This repository contains the code and data associated with the research paper:
"Material discovery of secondary and natural cementitious precursors"
Authors: Soroush Mahjoubi, Vineeth Venugopal, Ipek Bensu Manav, Hessam Azarijafari, Randolph Kirchain, Elsa Olivetti
Cement production is a significant contributor to global greenhouse gas (GHG) emissions, primarily due to the production of clinker. This project aims to reduce these emissions by expanding the repertoire of secondary and natural cementitious precursors through data-driven, machine learning methods.
We developed models to predict the reactivity of cementitious materials and systematically identified potential substitutes for clinker, including secondary materials like construction and demolition wastes, and natural precursors such as rhyolite. Our approach combines large language models (LLMs) and multi-task neural networks to predict reactivity metrics, enabling the discovery of new materials that can reduce the GHG intensity of cement production.
Repository Contents The repository is organized into Jupyter notebooks that sequentially perform the tasks described in the paper:
1_keyword_filtering_and_preprocessing.ipynb Filters relevant literature using keywords and preprocesses the data for analysis.
2_Vector_database_for_tables.ipynb Creates a vector database for tables extracted from the literature using embeddings.
3_Evaluation_of_table_embeddings.ipynb Evaluates different embedding models for their effectiveness in retrieving relevant tables.

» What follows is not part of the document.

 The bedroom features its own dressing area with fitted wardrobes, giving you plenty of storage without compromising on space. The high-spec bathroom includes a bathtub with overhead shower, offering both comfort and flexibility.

4_Table_extraction_with_fine-tuned_GPT_3.5.ipynb Extracts chemical compositions from tables using a fine-tuned GPT-3.5 model.
4_Table_extraction_with_fine-tuned_Mistral_7b.ipynb Alternative extraction of chemical compositions using a fine-tuned Mistral 7b model.

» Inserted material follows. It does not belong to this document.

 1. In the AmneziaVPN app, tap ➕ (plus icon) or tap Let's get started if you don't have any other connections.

5_Evaluation_of_table_extraction.ipynb Assesses the performance of the table extraction methods.
6_Vector_database_for_sentences.ipynb Builds a vector database for sentences to aid in material classification.

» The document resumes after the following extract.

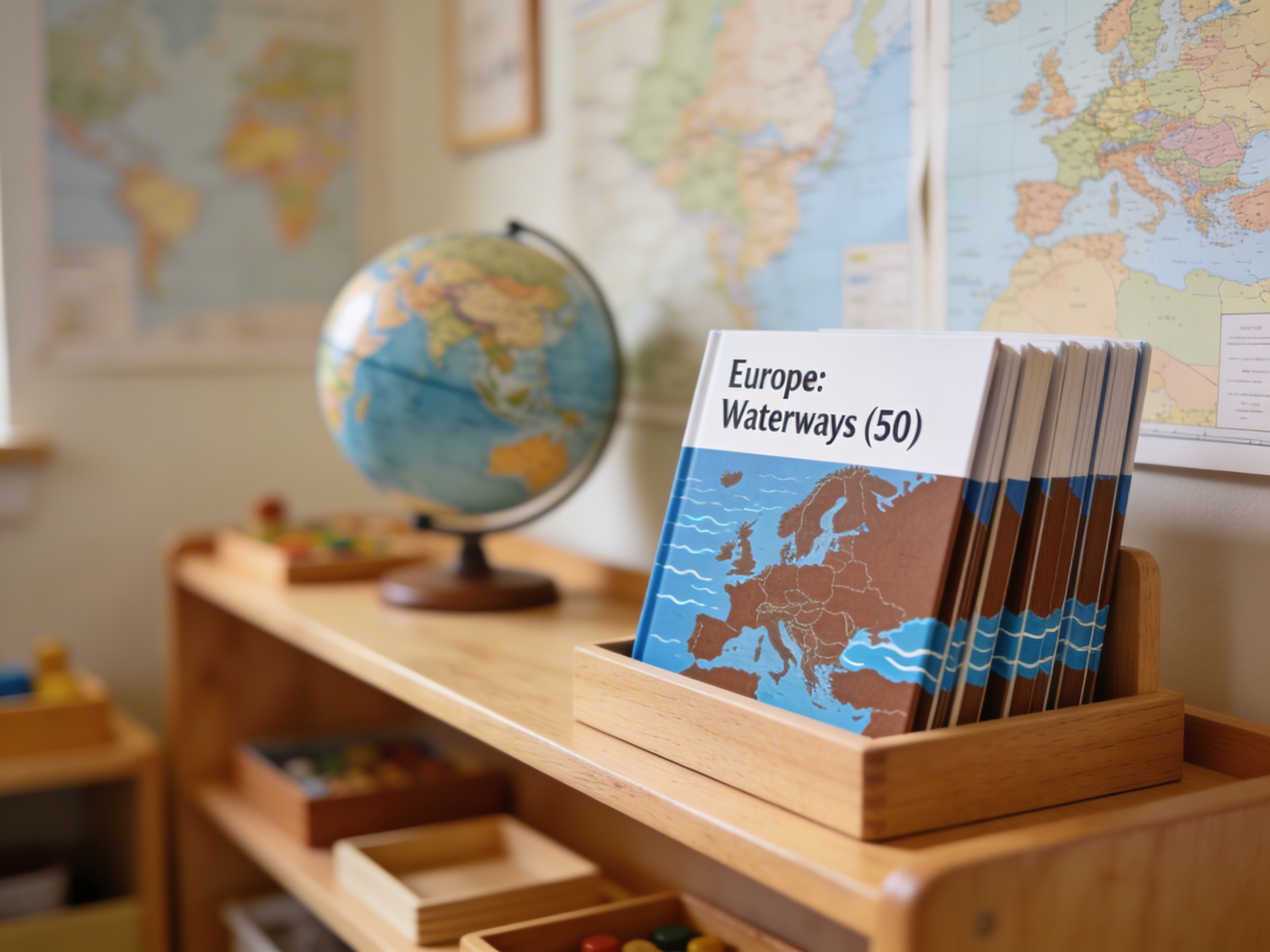 This map aligns with Montessori's concrete-to-abstract approach, providing a clear visual foundation for understanding water systems. It encourages independent exploration, sensorial learning, and helps children understand the interconnectedness of European geography through waterways.

7_Extraction_of_material_descriptors_with_Mistral_7b.ipynb Extracts material descriptors using the Mistral 7b model.
8_Categorize_materials_with_fine-tuned_GPT_3.5.ipynb Classifies materials into predefined categories using a fine-tuned GPT-3.5 model.
9_Train_the_multi-headed_NN_for_reactivity_prediction.ipynb Trains a multi-headed neural network to predict reactivity metrics.
10_Reactivity_prediction_of_extracted_materials.ipynb Predicts the reactivity of materials extracted from the literature.
11_Reactivity_prediction_of_natural_precursors.ipynb Applies the trained model to predict the reactivity of natural rock samples.